YOUR GOAL — Every line from the one bearing "1984 год (стр.1)" through the last line of the records below is to be output exactly, and no other line; leave out the pictures.

Saved data entries —
____

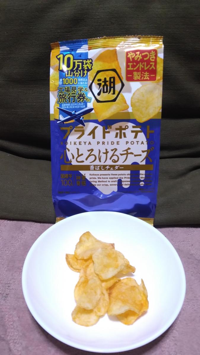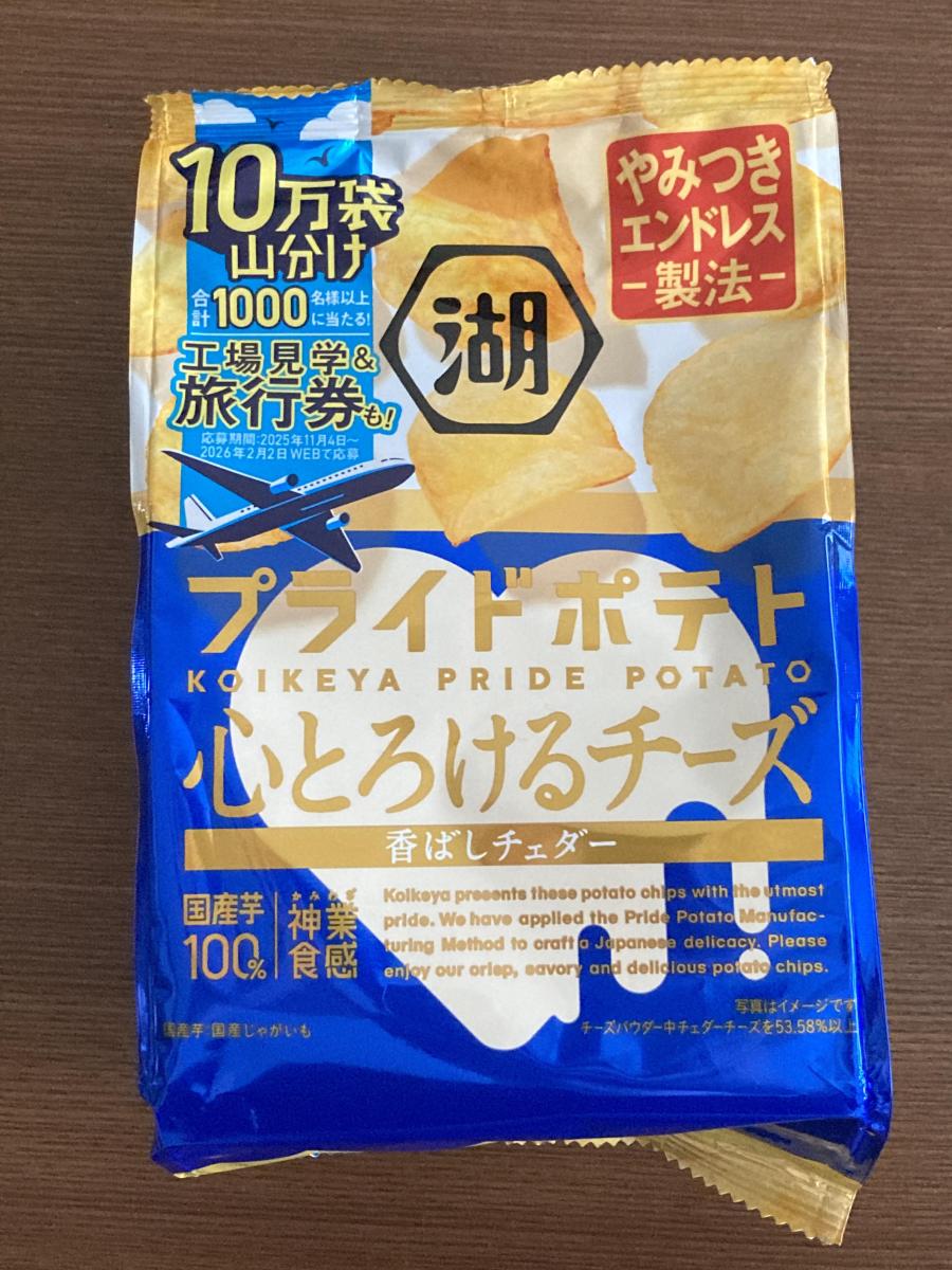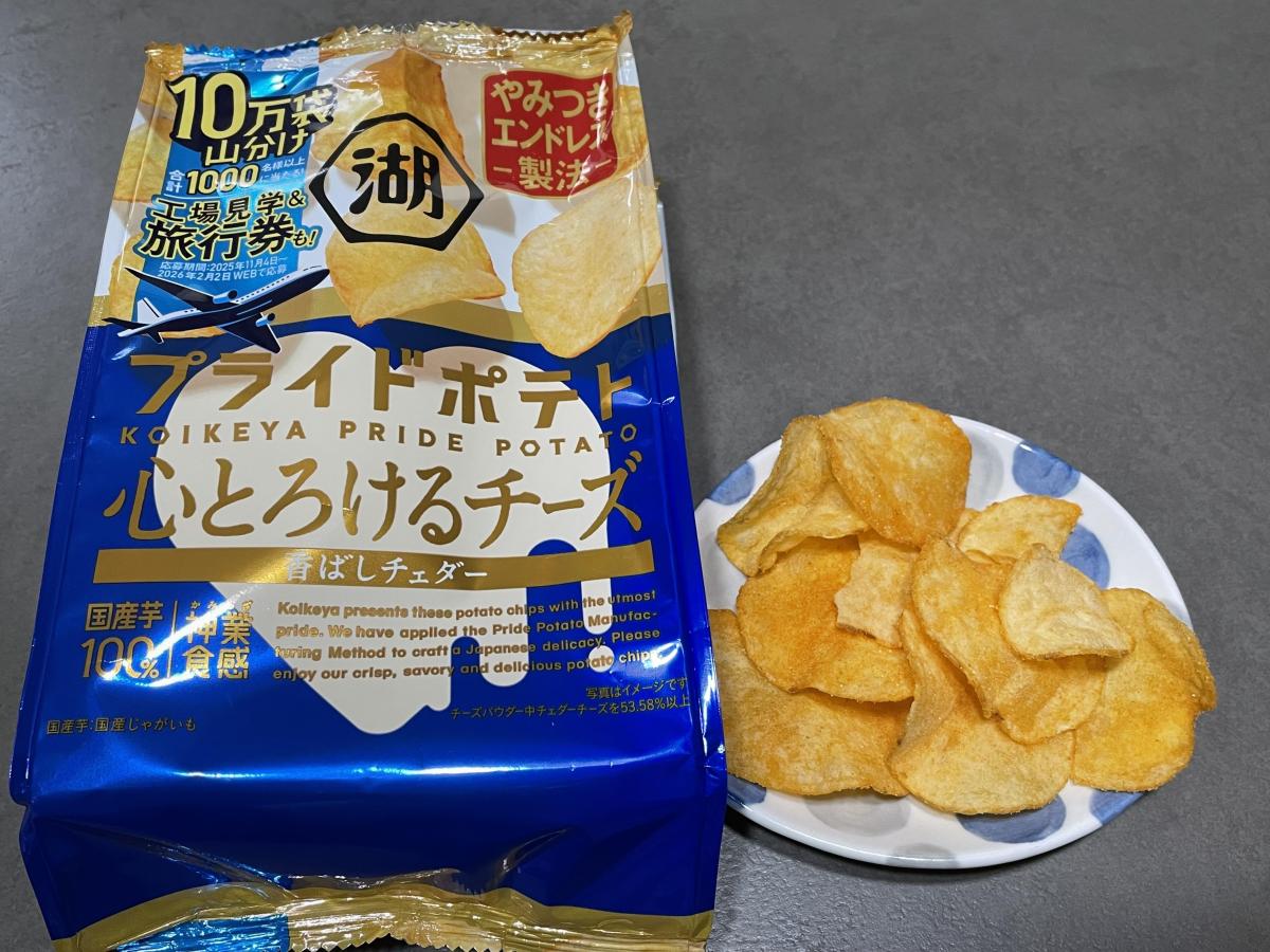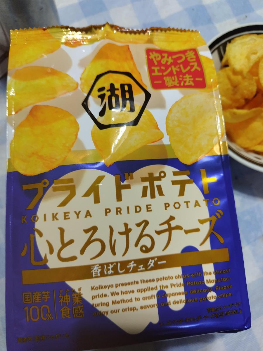 心とろけるチーズという、そそられるタイトルのプライドポテトに、目が留まりました。香ばしチェダーとも書かれていたので、買ってみました。
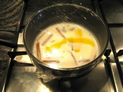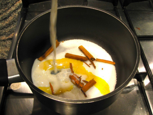 Ponemos en un cazo al fuego la leche, le añadimos la mitad del azúcar, la canela y la piel de limón.
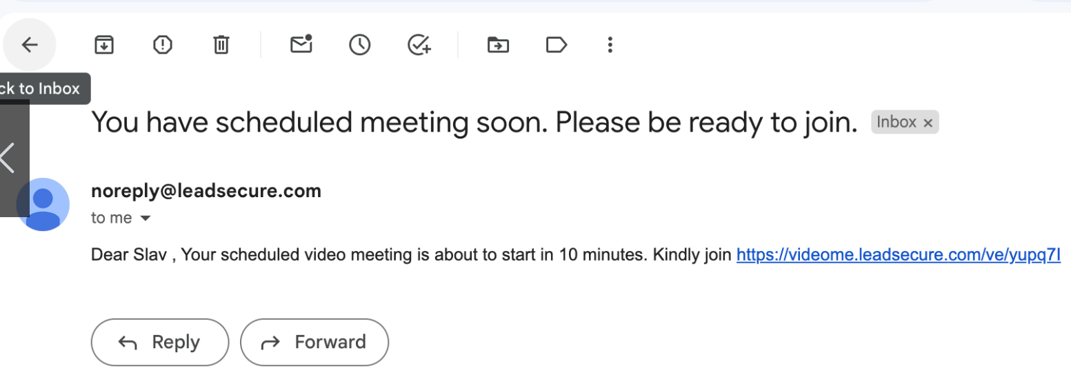 The Agent can configure a reminder email to be sent out prior to their meeting to alert them of an upcoming meeting with a consumer.
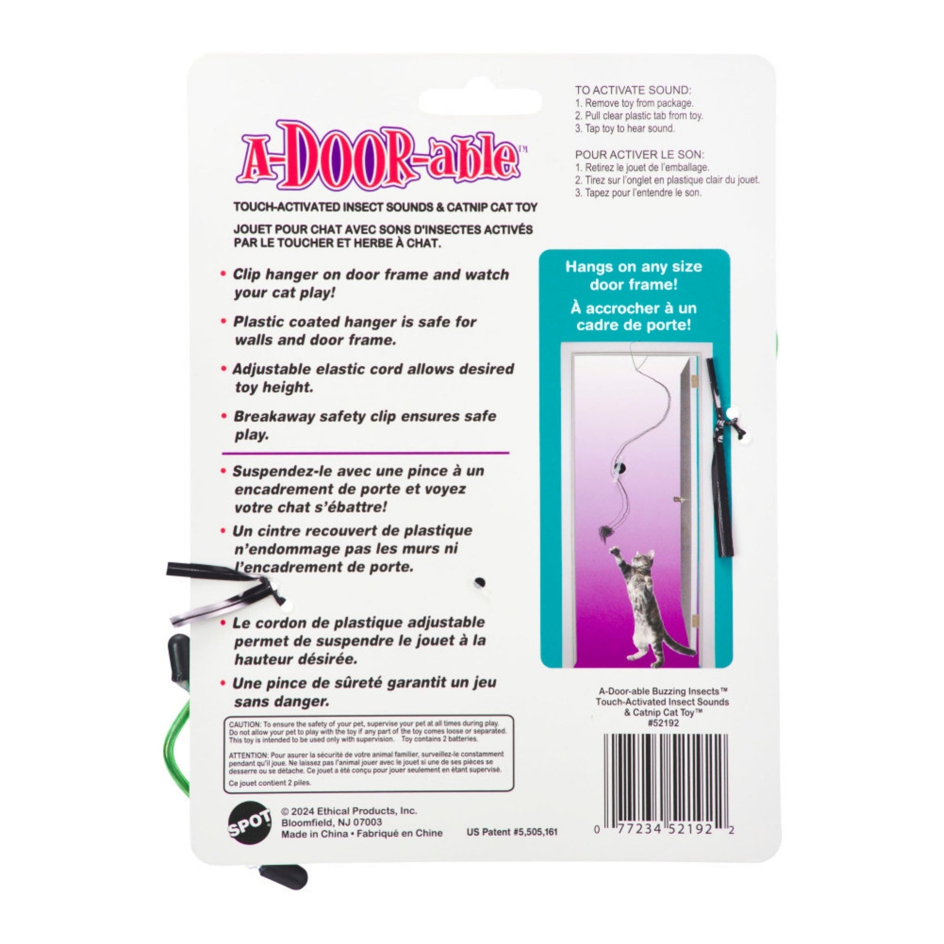 A-Door-Able Buzzing Insects is a touch activated catnip toy with realistic insect sounds. Easily attaches to any door frame with a plastic coated hanger that is safe for walls and door frames. Adjustable elastic cord allows you to set the desired toy height. Features a break-away safety clip to ensure a safe play time. Includes a catnip/silver vine blend.
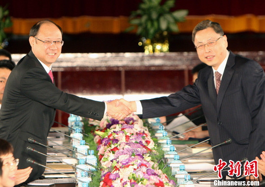 6月8日,海协会副会长郑立中(左)一行飞抵台湾,当日下午与海基会副董事长
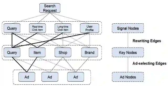 图3:用户行为异构图图示例。图中包含了三种节点:用户搜索信号、广告检索键和广告。用户搜索信号和广告检索键之间的边表示改写,广告检索键和广告之间的边表示广告海选。
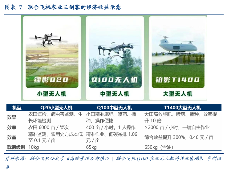 2)根据联合飞机公众号2025年8月15日报道《高效管理万亩粮田 | 联合飞机Q100农业无人机的作业密码》介绍:
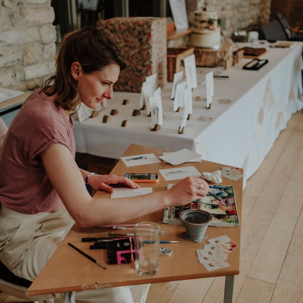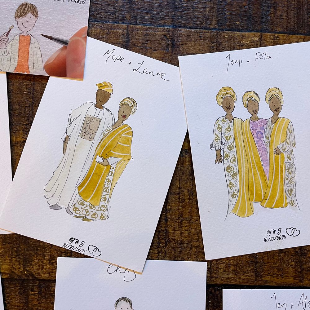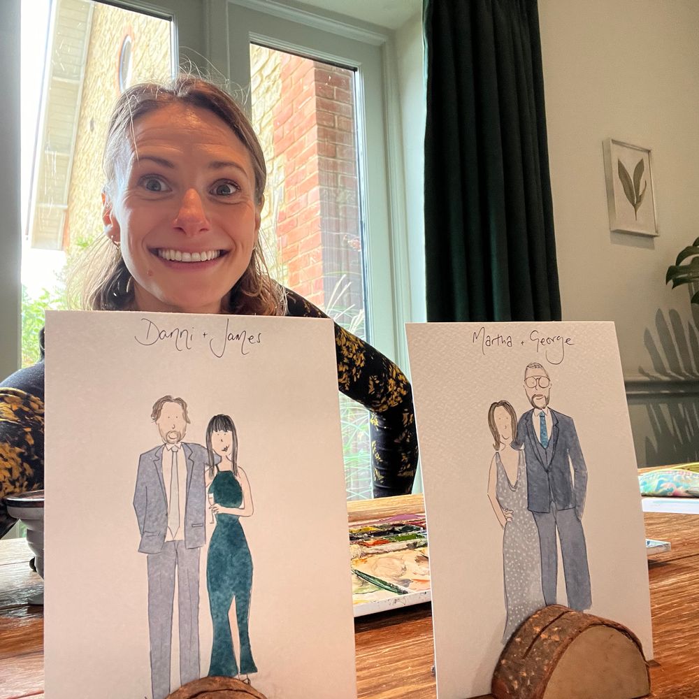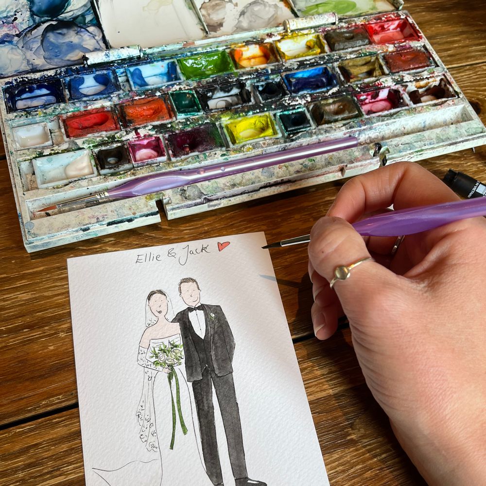 Hi, I am a live portrait illustrator. Painting watercolour portraits of all your guests for the most unique wedding favour ever! Think of me like a live, hand-painted Photo Booth! I arrive before the ceremony and take photos of all the guests, so nobody wastes any time posing for a painting. During the ceremony and then throughout the day, I will hand-paint everyone on lovely, textured watercolour card. Guests can come and watch me work, providing entertainment, and then take home and frame their very own personalised watercolour portrait- a gorgeous memory of your day! Alternatively, the married couple can take all the paintings home to have a good look through, take photos and then send them out as personalised thank you cards. Entertainment, wedding favours and thank you cards, all in one! And in this era of digitalisation, my hand-painted designs offer that touch of love and personalisation to your day.
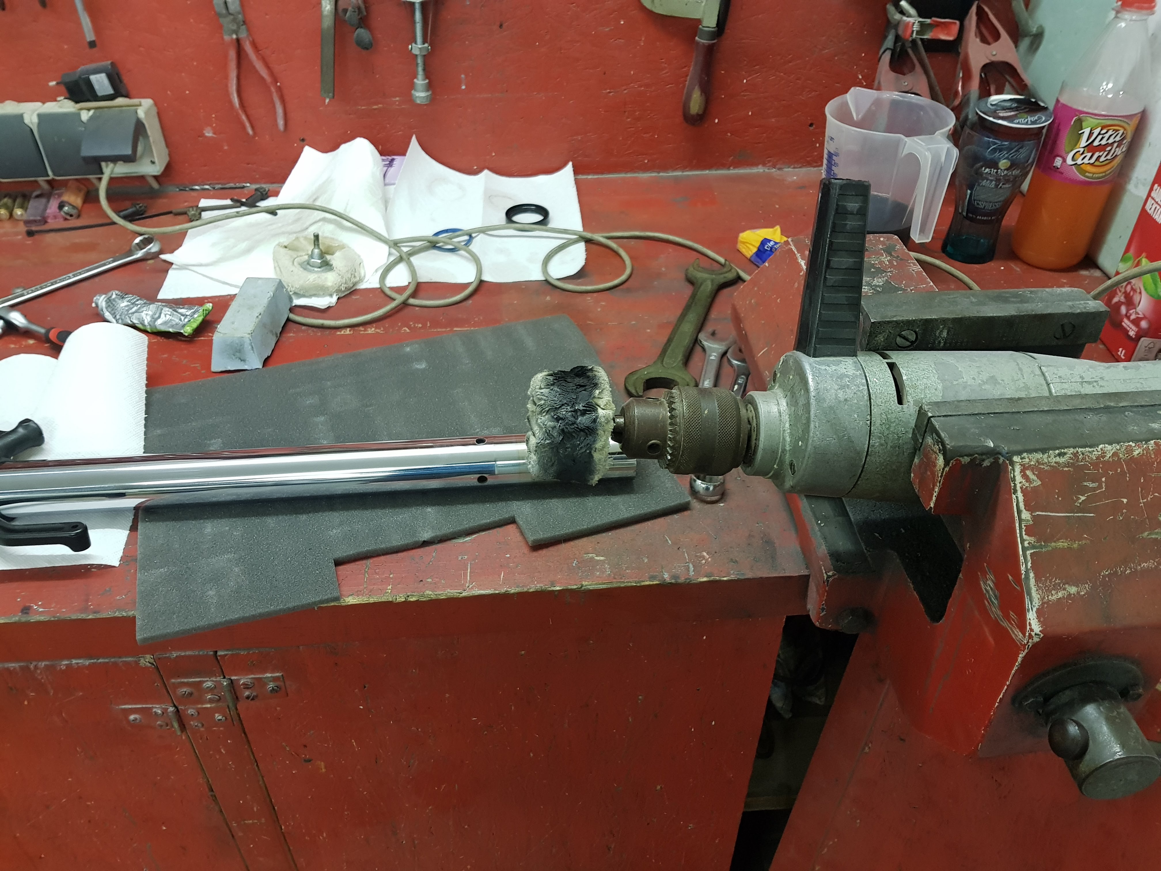 Da meine Rohre Kratzer aufwiesen, aufgrund eines Kleinen Dates im Kies (mein Vorgänger) habe ich diese mit einer hoch professionellen Maschine poliert :-D
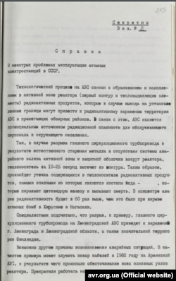 Документ: "Справка о разговоре с доверенным лицом "ЖВА" о неисправности на ЧАЭС", 1984 год (стр.1)
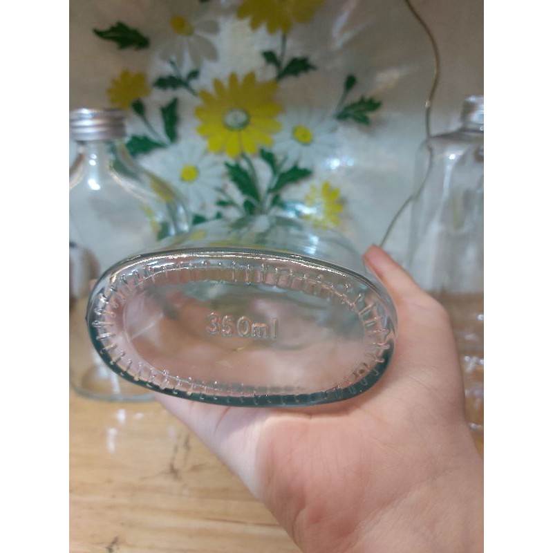 chai thủy tinh thân vuông dẹp cổ cao nắp nhômdung tích 350ml
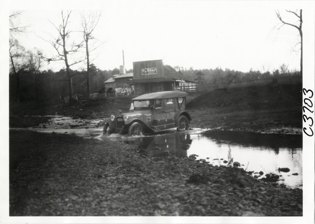 View of Hupmobile car crossing stream or river during the Hupmobile United American Tour. Wooden-frame building with "Star tobacco" sign in background. The tour was also known as the Hupmobile Capital-to-Capital tour. Handwritten on back: "Hupmobile United America [sic] tour, August 28, 1916 - January 21, 1917. Photo by William H. Krohn."

____

RESPONSE BOX —
 Документ: "Справка о разговоре с доверенным лицом "ЖВА" о неисправности на ЧАЭС", 1984 год (стр.1)
 chai thủy tinh thân vuông dẹp cổ cao nắp nhômdung tích 350ml
 View of Hupmobile car crossing stream or river during the Hupmobile United American Tour. Wooden-frame building with "Star tobacco" sign in background. The tour was also known as the Hupmobile Capital-to-Capital tour. Handwritten on back: "Hupmobile United America [sic] tour, August 28, 1916 - January 21, 1917. Photo by William H. Krohn."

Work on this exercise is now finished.